At least, I think I am using Llama 3.1 8B. You have to roll back llama.cpp to an older version if you want to use the latest releases of oobabooga with AMD’s ROCm, and that version of llama.cpp doesn’t work with Llama 3.1 or Gemma 2, so I am running Llama 3.1 and Gemma 2 9B via ExLlama V2. I have no idea if I am doing this correctly.

Conclusion

As I continue to explore the capabilities of large language models and local alternatives, it’s clear that these tools have the potential to assist with my creative processes in interesting ways. My hope is that machine learning can take some of the monotonous work off my shoulders.

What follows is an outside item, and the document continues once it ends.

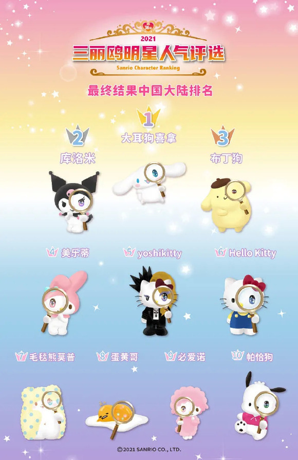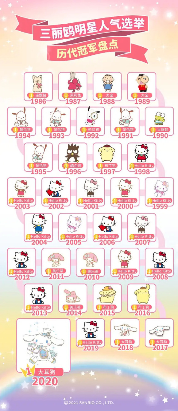此后除去2019年大前辈Hello Kitty因出道45周年纪念超过玉桂狗勇夺第一,2017和2018以及2020和2021两次的双连冠,都稳定了玉桂狗的四代顶流地位,其粉丝积累也越来越深厚。

I believe it is doing that to a small extent, but at the same time it is creating more work for me while at the same time improving my writing. I’m not sure how much my blog posts are improving when I bounce things off of the artificial intelligence monstrosities, but it is interesting enough that I am going to continue to do so just to see where it leads.

This is the part where GPT-4o Mini suggested that I invite you to join the Butter, What?! Discord community, where we share our experiences, insights, and tips on leveraging AI in creative projects. I can’t say that, because it isn’t even true! There is hardly any machine learning nonsense going on in there, but it is a fun place where a lot of homelab, NAS, and 3D printing projects are often being talked about!

Additionally, I’d love to hear your thoughts on this topic! Have you experimented with local models or found innovative ways to integrate LLMs into your work? Leave me a comment below and let’s start a conversation!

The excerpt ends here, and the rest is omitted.